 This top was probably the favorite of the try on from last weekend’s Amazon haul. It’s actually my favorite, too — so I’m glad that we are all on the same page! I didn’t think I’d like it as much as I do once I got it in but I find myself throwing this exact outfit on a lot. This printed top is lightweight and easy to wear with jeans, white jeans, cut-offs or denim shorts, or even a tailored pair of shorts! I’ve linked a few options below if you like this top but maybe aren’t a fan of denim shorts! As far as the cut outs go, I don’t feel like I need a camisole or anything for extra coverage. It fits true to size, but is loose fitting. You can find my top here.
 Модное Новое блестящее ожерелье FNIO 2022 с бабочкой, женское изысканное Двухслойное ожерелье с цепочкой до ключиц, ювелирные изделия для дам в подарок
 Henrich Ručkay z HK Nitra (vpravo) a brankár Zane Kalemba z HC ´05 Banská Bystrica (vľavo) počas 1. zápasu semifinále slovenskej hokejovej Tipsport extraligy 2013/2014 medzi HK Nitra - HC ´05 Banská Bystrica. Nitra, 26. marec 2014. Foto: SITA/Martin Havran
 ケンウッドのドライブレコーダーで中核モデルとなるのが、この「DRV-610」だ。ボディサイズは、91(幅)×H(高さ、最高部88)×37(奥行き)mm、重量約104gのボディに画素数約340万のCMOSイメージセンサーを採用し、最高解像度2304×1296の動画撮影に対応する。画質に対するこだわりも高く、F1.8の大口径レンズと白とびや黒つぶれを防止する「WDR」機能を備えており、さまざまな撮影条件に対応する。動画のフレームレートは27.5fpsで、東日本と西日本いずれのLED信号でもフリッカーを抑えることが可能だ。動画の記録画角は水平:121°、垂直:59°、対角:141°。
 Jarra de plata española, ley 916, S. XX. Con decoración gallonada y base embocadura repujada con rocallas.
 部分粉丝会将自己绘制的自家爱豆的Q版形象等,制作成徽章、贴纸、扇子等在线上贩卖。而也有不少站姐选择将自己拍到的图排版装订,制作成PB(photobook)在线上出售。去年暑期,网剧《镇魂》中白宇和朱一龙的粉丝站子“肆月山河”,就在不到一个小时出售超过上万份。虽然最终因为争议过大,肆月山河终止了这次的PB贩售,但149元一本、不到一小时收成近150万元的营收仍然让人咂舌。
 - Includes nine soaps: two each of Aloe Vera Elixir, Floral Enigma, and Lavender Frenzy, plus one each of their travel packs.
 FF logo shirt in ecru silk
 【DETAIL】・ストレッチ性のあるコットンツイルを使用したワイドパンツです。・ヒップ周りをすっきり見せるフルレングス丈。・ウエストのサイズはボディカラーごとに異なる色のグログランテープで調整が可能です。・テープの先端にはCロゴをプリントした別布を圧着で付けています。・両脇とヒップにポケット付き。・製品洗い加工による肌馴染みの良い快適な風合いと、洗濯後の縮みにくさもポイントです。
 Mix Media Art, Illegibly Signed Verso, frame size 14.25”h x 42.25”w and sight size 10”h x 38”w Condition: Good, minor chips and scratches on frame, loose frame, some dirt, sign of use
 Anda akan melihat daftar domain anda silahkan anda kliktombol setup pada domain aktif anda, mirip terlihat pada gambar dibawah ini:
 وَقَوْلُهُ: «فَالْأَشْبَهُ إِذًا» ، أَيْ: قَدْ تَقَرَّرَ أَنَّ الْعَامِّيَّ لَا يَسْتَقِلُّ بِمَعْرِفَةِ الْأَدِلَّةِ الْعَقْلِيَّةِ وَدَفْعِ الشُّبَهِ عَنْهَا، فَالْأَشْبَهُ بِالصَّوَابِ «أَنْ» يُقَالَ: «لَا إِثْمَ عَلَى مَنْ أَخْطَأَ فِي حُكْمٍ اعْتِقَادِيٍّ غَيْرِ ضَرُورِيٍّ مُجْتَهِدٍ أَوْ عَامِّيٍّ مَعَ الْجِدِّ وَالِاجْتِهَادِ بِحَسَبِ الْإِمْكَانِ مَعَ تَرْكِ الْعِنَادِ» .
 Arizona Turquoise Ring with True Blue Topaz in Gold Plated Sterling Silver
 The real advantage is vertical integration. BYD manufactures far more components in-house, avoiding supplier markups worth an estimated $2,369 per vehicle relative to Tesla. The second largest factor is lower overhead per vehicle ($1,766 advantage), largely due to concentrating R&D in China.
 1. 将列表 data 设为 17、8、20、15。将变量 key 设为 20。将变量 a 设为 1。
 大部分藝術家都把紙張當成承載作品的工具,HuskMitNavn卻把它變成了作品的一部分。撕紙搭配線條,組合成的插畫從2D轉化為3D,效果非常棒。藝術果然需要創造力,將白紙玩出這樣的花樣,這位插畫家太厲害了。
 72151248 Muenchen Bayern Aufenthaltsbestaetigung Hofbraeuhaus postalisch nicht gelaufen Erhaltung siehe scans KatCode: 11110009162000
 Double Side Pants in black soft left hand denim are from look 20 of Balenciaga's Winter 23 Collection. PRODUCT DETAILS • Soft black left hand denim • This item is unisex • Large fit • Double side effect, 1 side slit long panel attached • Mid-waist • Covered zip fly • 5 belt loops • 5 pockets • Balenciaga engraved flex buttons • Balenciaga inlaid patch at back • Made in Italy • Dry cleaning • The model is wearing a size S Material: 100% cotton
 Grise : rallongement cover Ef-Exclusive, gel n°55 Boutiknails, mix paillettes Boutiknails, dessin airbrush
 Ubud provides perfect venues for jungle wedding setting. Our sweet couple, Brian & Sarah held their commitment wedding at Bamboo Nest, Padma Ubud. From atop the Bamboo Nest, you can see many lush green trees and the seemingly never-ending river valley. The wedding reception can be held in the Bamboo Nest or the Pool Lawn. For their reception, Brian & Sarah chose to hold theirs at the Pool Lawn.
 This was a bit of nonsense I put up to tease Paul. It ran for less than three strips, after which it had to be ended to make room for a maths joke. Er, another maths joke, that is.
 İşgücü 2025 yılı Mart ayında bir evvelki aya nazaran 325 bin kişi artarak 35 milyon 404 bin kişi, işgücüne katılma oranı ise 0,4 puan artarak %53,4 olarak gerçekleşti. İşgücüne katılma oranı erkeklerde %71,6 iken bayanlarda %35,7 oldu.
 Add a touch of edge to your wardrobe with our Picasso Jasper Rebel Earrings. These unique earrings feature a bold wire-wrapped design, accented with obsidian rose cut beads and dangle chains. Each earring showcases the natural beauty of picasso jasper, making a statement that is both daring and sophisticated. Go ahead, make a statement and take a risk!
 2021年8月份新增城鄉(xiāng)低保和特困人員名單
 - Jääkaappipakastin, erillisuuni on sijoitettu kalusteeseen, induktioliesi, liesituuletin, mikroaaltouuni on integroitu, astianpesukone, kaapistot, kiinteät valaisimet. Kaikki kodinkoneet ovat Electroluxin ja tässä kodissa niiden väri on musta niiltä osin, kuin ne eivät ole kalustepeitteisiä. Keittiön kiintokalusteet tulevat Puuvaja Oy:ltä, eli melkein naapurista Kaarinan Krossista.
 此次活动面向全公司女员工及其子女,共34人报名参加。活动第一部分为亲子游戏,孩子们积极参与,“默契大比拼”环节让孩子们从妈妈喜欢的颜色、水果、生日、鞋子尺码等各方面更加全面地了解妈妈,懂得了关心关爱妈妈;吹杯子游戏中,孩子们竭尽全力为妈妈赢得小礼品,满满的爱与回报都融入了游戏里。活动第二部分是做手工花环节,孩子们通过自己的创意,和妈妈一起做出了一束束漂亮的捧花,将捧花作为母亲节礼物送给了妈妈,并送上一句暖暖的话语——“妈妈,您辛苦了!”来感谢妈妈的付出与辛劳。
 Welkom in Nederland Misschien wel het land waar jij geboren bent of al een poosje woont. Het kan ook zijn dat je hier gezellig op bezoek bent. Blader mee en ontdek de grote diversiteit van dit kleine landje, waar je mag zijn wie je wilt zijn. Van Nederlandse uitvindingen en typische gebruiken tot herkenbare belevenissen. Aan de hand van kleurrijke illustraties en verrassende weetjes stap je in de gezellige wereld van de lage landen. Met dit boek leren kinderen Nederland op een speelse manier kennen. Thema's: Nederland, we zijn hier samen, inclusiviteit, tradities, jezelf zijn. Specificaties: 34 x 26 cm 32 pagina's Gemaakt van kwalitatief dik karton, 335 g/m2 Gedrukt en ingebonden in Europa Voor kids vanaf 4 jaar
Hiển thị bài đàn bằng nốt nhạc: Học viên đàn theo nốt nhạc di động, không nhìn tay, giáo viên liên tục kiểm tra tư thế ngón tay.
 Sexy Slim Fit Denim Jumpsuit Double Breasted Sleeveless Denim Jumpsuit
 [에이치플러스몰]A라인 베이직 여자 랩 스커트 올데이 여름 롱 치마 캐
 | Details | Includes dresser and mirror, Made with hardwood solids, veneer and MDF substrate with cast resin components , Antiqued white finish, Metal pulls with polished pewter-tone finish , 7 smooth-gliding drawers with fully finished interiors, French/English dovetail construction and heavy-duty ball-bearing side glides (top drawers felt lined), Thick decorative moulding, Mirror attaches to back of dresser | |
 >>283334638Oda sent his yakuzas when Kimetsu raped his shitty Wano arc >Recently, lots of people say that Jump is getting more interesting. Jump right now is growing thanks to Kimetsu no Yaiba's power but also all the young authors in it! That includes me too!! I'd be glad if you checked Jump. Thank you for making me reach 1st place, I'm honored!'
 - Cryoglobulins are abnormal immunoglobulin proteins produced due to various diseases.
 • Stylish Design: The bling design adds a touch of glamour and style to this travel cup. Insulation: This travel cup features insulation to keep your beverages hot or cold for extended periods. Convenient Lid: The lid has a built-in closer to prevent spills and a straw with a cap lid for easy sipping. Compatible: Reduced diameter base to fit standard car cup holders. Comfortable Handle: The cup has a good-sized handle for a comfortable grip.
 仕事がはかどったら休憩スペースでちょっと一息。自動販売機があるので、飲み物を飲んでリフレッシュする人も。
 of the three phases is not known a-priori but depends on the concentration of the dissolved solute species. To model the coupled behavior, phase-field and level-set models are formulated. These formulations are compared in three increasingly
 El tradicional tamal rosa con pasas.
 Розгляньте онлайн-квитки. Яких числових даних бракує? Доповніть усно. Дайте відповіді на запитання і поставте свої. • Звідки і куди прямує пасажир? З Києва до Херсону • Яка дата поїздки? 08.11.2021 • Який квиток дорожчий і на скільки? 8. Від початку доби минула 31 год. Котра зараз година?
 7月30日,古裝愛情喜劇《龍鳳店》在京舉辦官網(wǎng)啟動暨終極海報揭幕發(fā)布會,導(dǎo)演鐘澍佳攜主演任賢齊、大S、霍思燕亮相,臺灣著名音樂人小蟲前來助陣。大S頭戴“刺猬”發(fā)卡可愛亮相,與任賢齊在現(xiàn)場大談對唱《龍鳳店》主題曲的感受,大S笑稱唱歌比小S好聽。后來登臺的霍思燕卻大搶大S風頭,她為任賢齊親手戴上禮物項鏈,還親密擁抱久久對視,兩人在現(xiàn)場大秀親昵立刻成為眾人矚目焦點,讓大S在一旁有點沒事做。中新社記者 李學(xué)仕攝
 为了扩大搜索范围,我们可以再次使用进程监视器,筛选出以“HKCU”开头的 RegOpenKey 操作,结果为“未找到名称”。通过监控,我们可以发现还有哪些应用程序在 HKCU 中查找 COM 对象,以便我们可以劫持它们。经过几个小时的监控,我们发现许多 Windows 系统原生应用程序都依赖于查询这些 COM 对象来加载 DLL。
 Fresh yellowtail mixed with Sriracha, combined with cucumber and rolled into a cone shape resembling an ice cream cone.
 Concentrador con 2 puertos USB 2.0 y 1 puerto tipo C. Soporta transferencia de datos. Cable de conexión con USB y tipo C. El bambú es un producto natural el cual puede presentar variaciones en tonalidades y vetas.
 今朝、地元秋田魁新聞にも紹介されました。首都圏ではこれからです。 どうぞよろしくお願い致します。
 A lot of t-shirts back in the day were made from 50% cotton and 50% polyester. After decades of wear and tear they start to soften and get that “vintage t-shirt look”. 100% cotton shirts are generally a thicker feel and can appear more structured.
= = = = = = =
▸ **What is required**
Wherever the line holding "大部分藝術家都把紙張當成承載" falls in the entries above, copy exactly from it through the line holding "72151248 Muenchen Bayern", inclusive, and add nothing.

▸ **Written reply**
 大部分藝術家都把紙張當成承載作品的工具,HuskMitNavn卻把它變成了作品的一部分。撕紙搭配線條,組合成的插畫從2D轉化為3D,效果非常棒。藝術果然需要創造力,將白紙玩出這樣的花樣,這位插畫家太厲害了。
 72151248 Muenchen Bayern Aufenthaltsbestaetigung Hofbraeuhaus postalisch nicht gelaufen Erhaltung siehe scans KatCode: 11110009162000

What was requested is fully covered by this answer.